I would love to see some agency or perhaps some NGO think tank look at every branch of the Federal executive branch, at every Department, at every agency, at every bureau, and compute how much it would cost to do all of their jobs correctly. Would some park say, “We need 425 Rangers but we only have 230”? Never mind if we could find enough qualified people to do that work; just tell me how much you would need if you had access to the resources you need. Add all that up, and then tell me what the Federal budget should be. Then tell me how much more income we need than we have.

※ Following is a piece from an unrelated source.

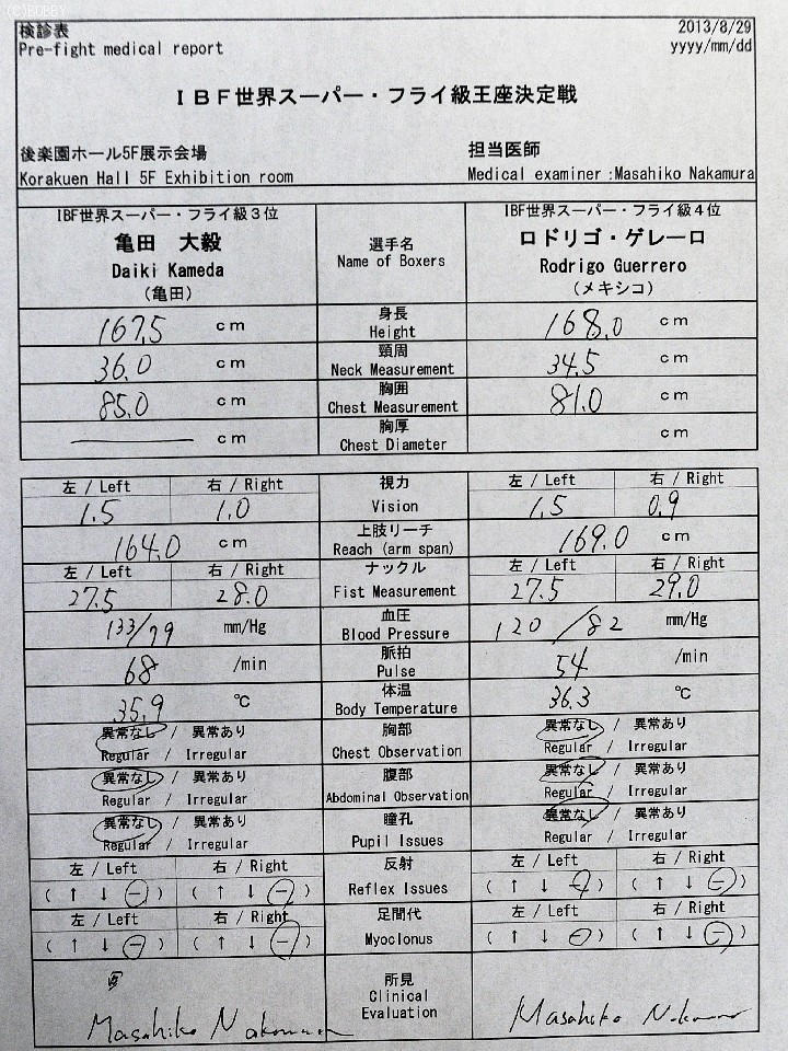 相手と顔を合わせないため検診は15分ずらして行われたが、囲み会見の終盤にゲレーロが記者陣後方に登場。大毅は引き揚げる際に元王者を睨んで会場を去って行った。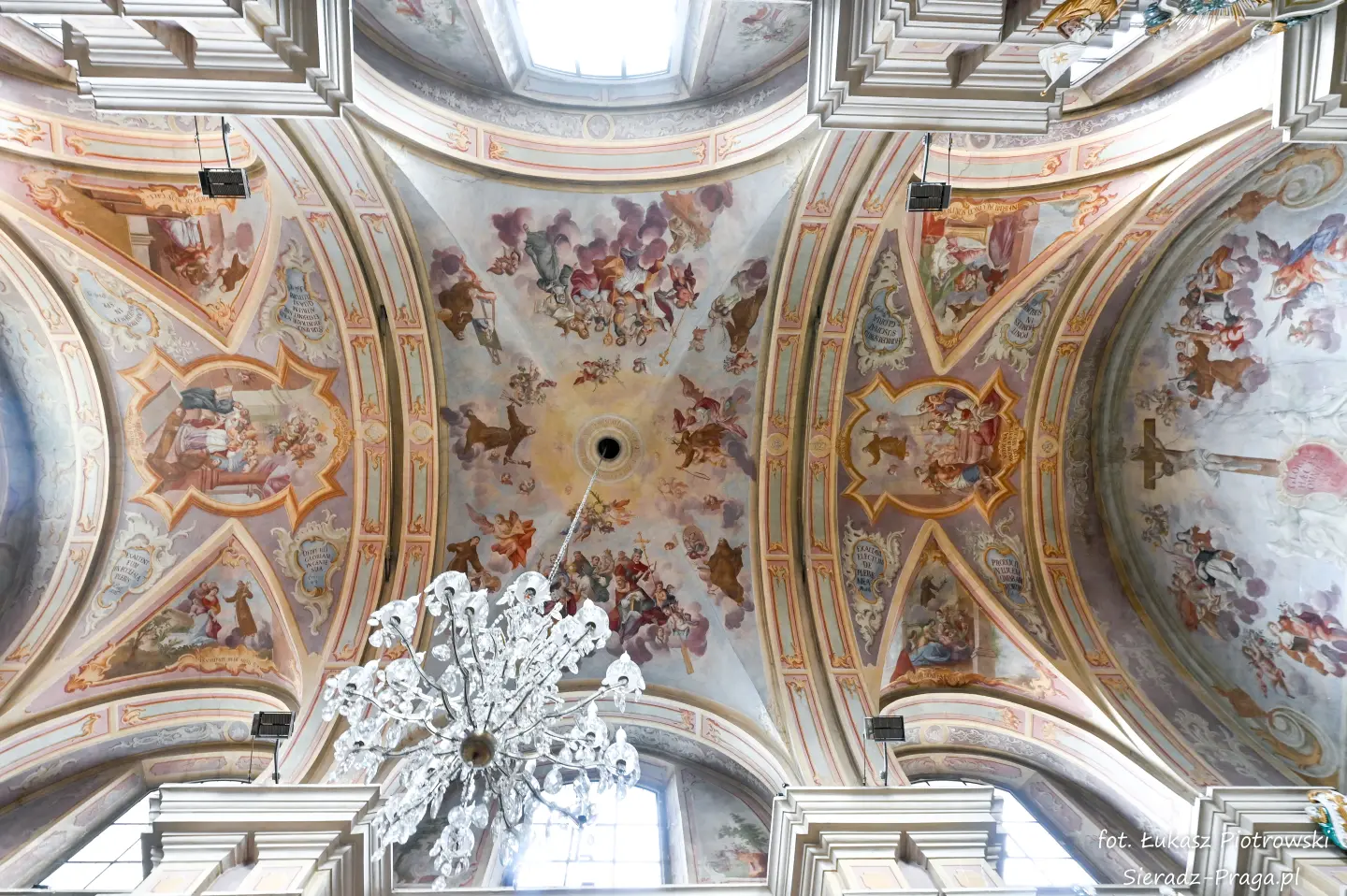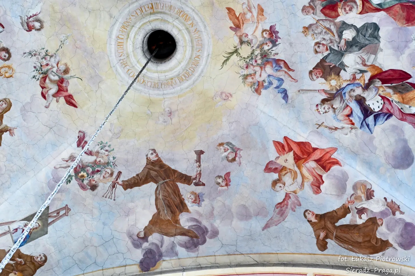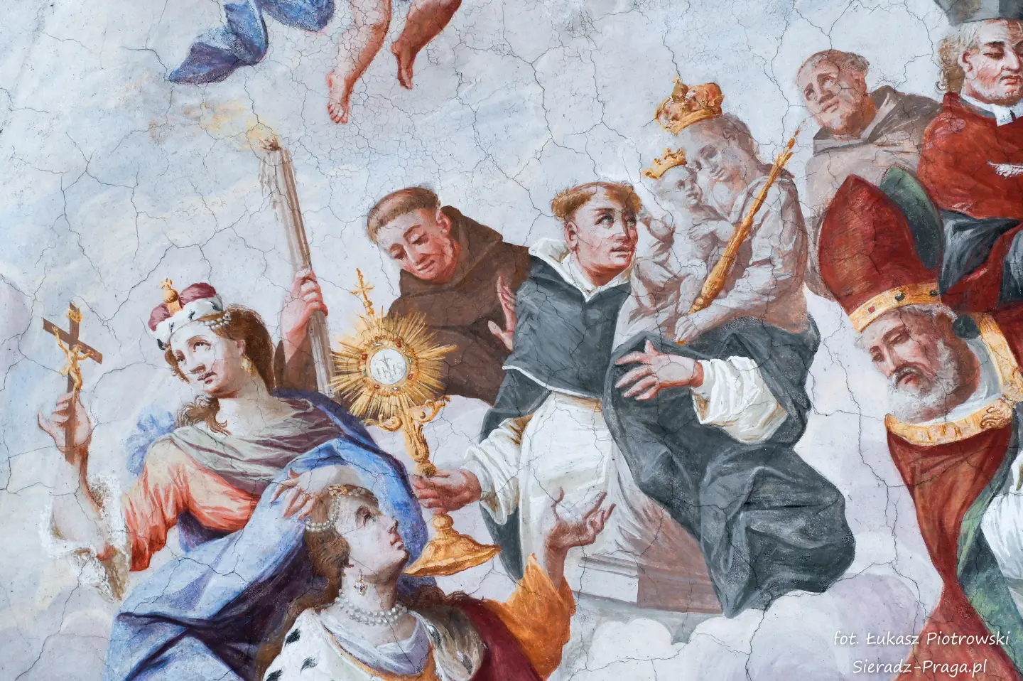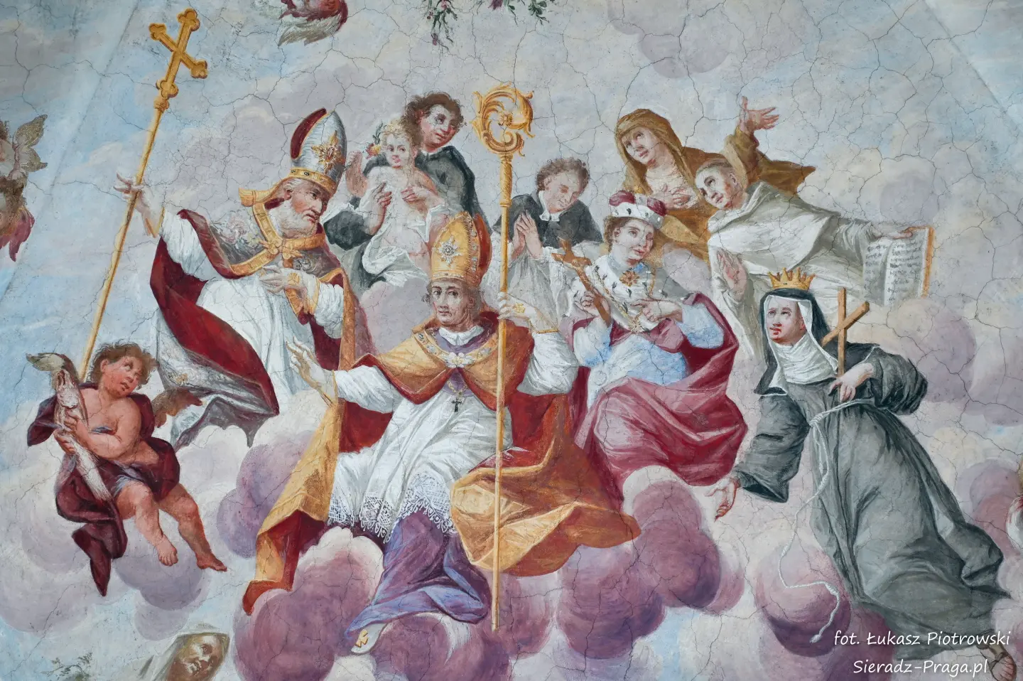 Malarze ukazują na polichromiach sklepień warckiego klasztoru sceny m.in. Wniebowzięcia NMP i dziewięć chórów anielskich, adorację Chrystusa Ukrzyżowanego przez świętych i aniołów, wizję Nieba z polskimi świętymi i błogosławionymi. Jest również ukazane na sklepieniach życie i cuda Sługi Bożego Rafała z Proszowic, którego kult trwa nieprzerwanie od XVI wieku, a w kaplicy św. Anny możemy podziwiać sceny z życia matki Maryi, a zarazem babci Jezusa i personifikacje czterech cnót kardynalnych. W tym miejscu kieruję podziękowania dla mojego serdecznego kolegi dr. hab Pawła Migasiewicza, sieradzanina, a zarazem profesora pracującego w Polskiej Akademii Nauk w Warszawie za zawsze okazywaną mi pomoc.

Every government agency and program exists becauseĀ at some point in time, there was a compelling case to create that agency or program. Despite Tea Party intuitions, very few agencies or programs exist just because no one thought to kill them when their role disappeared. Politicians love to take credit when they can find a program that has outlived its usefulness and retire it. Government unions aren’t so powerful that there are 312 buggy whip inspectors now because we once needed 312 buggy whip inspectors.

People’s interests naturally conflict. I want the best tools at my work to do my job; my manager wants the lowest costs, unless we can demonstrate that the higher costs are justified by higher incomes as a result. I want the shortest route from Madison to Chicago, but there are small towns between here and there that don’t want an Interstate highway through their downtown and other cities in the region that want the highway to come close enough to them to be useful for them, too. Government exists to mediate among those competing interests. The rich and powerful might be just as happy without that mediation; they could just buy or bully their way to what they want, if they’re so inclined. But those limits on their ability to do that are meant for all of us, because all of us have times here or there when we can’t protect our own interests on our own.

Businesses are meant to be great in competitive situations; competition is supposed to keep those businesses honest in their dealings with customers and to encourage improvement.

Governments are meant to work in non-competitive situations, where there is a common good, regardless of whether their are tangible incentives to meet that common good. They’re also meant, as I just said, to provide balance among competing interests, to provide equal protections for all so that might and justice go to all of us, not just the most powerful or the richest.

Government is not a business. It’s not meant to be. The sooner we remember that — or admit that — the sooner we should return to a functioning, equitable government that serves us all.